Problem:
Print exactly the lines below between the line holding "------广告------1月30日晚" and the line holding "Women's Winter Solid", inclusive, and nothing more.

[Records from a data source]
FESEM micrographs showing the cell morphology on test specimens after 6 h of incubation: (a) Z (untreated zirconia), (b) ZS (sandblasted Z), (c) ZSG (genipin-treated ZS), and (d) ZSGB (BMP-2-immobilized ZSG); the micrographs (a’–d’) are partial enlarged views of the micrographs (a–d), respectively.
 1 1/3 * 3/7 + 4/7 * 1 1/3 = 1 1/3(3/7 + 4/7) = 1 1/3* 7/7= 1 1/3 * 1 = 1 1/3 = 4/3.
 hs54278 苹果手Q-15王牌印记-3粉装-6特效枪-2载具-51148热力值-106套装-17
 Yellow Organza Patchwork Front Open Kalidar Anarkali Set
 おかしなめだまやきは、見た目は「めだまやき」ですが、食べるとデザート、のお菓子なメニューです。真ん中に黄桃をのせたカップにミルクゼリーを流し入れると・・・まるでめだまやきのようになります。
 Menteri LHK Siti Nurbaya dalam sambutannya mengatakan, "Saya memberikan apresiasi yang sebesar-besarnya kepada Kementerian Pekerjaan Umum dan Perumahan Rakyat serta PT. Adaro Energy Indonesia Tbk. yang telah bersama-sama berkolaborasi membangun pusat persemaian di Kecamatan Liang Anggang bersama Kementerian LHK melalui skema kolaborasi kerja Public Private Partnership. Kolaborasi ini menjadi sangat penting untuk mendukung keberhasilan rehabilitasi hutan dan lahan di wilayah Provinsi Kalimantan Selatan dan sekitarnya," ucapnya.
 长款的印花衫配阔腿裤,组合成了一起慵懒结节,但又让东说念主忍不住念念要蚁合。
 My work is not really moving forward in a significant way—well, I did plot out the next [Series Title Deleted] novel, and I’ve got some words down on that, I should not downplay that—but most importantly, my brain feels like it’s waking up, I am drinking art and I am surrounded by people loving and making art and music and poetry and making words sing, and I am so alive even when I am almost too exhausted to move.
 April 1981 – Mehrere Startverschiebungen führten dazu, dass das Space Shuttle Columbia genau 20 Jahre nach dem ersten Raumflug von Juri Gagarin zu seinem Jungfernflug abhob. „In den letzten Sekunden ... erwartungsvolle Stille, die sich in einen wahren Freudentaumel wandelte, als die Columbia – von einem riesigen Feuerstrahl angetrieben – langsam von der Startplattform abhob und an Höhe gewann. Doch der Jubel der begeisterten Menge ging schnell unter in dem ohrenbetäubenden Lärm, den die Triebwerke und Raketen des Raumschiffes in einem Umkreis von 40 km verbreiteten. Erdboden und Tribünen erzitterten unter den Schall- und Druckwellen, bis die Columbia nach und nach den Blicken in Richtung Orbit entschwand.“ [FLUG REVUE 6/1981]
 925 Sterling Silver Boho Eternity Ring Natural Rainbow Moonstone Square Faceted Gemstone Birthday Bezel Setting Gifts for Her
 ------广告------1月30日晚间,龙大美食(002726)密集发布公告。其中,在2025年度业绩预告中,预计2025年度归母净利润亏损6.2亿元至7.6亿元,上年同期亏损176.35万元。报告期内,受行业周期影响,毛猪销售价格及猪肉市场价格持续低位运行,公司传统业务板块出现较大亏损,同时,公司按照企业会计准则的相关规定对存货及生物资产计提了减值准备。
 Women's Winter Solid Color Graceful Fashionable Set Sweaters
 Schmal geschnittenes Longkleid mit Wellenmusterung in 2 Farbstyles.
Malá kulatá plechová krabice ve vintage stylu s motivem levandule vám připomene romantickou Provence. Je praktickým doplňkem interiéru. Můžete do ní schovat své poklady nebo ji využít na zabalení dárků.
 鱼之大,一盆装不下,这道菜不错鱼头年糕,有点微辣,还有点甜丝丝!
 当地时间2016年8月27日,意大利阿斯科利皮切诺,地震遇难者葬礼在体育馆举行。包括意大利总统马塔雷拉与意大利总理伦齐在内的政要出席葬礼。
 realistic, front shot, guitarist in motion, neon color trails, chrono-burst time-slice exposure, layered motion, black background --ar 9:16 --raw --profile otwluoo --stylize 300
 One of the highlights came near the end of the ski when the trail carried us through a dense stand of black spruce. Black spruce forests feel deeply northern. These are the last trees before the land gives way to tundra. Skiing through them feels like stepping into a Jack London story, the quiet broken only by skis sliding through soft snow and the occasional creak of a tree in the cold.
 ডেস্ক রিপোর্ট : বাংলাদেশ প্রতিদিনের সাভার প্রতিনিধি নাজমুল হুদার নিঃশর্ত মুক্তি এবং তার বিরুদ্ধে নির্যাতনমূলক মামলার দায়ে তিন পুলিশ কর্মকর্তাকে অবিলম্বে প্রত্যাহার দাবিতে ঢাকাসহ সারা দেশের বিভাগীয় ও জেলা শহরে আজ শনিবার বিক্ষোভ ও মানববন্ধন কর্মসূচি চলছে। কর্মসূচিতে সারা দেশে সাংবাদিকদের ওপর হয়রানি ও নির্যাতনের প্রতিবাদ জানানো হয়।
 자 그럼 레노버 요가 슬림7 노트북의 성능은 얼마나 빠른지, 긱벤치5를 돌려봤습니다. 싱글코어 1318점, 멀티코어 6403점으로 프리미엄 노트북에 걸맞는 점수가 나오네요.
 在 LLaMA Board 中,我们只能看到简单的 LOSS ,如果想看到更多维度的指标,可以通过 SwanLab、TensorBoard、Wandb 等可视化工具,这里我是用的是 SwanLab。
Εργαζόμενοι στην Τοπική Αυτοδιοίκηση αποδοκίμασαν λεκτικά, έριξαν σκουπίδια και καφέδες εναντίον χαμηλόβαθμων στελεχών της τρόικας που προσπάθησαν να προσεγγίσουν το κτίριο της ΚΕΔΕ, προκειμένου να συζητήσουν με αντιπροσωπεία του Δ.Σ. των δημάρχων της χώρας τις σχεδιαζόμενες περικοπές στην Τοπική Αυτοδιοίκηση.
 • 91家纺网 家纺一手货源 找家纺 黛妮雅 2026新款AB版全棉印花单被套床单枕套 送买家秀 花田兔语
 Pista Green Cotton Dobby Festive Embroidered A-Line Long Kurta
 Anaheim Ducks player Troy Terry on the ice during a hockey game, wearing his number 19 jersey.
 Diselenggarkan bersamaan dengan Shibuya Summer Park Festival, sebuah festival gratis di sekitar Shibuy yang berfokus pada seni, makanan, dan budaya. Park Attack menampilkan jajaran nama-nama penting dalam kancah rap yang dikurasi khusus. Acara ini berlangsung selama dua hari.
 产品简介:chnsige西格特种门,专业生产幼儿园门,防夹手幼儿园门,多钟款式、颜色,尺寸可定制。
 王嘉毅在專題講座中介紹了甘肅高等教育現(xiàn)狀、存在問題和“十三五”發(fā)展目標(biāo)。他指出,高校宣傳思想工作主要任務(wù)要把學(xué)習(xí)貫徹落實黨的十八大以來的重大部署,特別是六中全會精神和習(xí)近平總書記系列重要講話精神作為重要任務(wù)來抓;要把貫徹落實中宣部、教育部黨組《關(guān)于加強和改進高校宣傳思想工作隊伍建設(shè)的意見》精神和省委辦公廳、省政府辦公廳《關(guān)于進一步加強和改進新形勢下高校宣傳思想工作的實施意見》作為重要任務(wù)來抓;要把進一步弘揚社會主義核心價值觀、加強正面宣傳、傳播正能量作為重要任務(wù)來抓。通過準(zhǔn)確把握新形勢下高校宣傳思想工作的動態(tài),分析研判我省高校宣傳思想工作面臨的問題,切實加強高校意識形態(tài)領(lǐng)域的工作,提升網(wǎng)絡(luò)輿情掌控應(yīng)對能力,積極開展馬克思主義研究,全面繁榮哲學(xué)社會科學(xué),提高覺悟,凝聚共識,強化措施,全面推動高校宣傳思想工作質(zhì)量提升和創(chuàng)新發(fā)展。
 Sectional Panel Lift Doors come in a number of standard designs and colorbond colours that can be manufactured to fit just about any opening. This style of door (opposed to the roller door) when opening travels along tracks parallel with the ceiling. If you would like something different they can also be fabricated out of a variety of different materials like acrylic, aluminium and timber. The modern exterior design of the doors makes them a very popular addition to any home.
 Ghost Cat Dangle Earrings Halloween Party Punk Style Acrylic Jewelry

Finished task:
 ------广告------1月30日晚间,龙大美食(002726)密集发布公告。其中,在2025年度业绩预告中,预计2025年度归母净利润亏损6.2亿元至7.6亿元,上年同期亏损176.35万元。报告期内,受行业周期影响,毛猪销售价格及猪肉市场价格持续低位运行,公司传统业务板块出现较大亏损,同时,公司按照企业会计准则的相关规定对存货及生物资产计提了减值准备。
 Women's Winter Solid Color Graceful Fashionable Set Sweaters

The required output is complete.